Mr Becker claimed to have sublet the flat (subletting being permitted by the lease) since 2007, and that any breaches were by the sub-tenant not him. He admitted that the current sub-tenant did short let the flat while away for three months of the year.

The breach being by the sub-tenant did not get him very far, as per:

Borthwick-Norton and Others-v- Romney Warwick Estate Ltd (1950) 1 All ER, in which the Judge decided that a breach of covenant could be committed notwithstanding the leaseholder had not directly caused the breach. The head note stated-: “The judge held that the law would impute knowledge to them as they had received sufficient warning of what was going on at the premises, but had wilfully shut their eyes to the true state of affairs.”

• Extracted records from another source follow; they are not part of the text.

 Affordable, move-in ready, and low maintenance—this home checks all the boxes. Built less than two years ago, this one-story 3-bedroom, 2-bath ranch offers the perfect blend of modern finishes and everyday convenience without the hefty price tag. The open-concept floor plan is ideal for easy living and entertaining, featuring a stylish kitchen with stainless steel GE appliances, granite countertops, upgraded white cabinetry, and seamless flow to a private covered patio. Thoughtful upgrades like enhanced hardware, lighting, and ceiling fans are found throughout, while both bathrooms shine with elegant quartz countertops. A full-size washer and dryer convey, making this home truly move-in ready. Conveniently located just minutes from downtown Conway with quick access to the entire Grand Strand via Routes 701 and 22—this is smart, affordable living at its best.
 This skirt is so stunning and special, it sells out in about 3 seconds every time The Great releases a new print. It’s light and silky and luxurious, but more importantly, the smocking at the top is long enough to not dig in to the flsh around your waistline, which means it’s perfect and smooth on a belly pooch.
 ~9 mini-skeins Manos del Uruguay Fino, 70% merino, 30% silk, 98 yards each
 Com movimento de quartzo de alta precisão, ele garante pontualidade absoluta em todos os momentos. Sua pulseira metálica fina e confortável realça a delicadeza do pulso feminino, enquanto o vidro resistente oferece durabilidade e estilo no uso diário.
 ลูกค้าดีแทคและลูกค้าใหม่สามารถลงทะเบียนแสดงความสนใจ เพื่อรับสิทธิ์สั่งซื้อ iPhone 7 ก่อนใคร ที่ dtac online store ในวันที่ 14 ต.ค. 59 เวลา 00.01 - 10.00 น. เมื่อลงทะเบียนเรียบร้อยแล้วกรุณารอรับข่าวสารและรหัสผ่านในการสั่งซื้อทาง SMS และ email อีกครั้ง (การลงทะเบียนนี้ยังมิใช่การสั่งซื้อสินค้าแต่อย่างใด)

On that basis, the Tribunal found breaches of lease:

The Tribunal considered the Advert on Air BnB, which contained the dates when the flat was available for letting for February and March 2019, and which also contained a number of reviews, it was clear from this that the flat had been let to a number of different individuals. There were 7 reviews between August 2018 and January 2019 and 15 in total.

The Tribunal finds that this was in breach of the sub clause of the lease which required the Respondent or his sub tenant to use the premises as a private residence only.

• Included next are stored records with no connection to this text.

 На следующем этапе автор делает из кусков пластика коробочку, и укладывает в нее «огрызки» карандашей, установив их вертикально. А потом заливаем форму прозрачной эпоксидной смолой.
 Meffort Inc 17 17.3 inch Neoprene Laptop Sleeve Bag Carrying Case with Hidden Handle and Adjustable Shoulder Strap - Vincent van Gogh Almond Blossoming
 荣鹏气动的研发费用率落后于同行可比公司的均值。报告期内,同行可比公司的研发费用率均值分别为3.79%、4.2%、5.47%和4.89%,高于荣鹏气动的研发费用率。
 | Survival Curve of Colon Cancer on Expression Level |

The Tribunal makes no finding that the premises were used for “… any trade or business”.

In respect of clause 12, the Tribunal accept that the letting of the premises via Air BnB had the potential to affect the insurance and on the basis of the statement of case, the Tribunal accepts that the insurance premium was affected.

Accordingly the letting of the premises was in breach of clause 22, in part, which states-: “or whereby any insurance for the time being affected on the Estate or any part thereof may be rendered void or voidable or whereby the rate of premium may be increased.”

Comment

Any variation on ‘private residence’ or ‘residential purposes only’ now seems enough to establish short let use as a breach. It is interesting that in both these cases, the Tribunal also found short let use amounted to carrying on a trade or business at the property. The wide problem of short let use also voiding insurance or increasing the premium is also being taken seriously.

 

Giles Peaker is a solicitor and partner in the Housing and Public Law team at Anthony Gold Solicitors in South London. You can find him on Linkedin and on Twitter. Known as NL round these parts.

4 Comments

  1. Nick Parkin

    So what happened about the breaches?

    Reply
    • Giles Peaker

      The FTT can only determine whether there is a breach. It is then up to the freeholder whether to pursue forfeiture via a s.146 notice. In the second case, it looked like the breaches had stopped. The first case has only just been determined.

      Reply
  2. ali hussain

    Why did they go to the tribunal if they can go after forfeiture if the property was being used for air bnb and therefore a short term let and breaching the lease. As you have mentioned, plenty of other earlier cases had already confirmed this so what was the need for them to go to the tribunal. Also, would there be any point in going to a tribunal and getting this decision but then not going for forfeiture is it unlikely that they would get forfeiture in these types of situations.

    Reply
    • Giles Peaker

      Because you cannot forfeit without a determination of breach by a court or tribunal – that is necessary to serve a s.146 notice.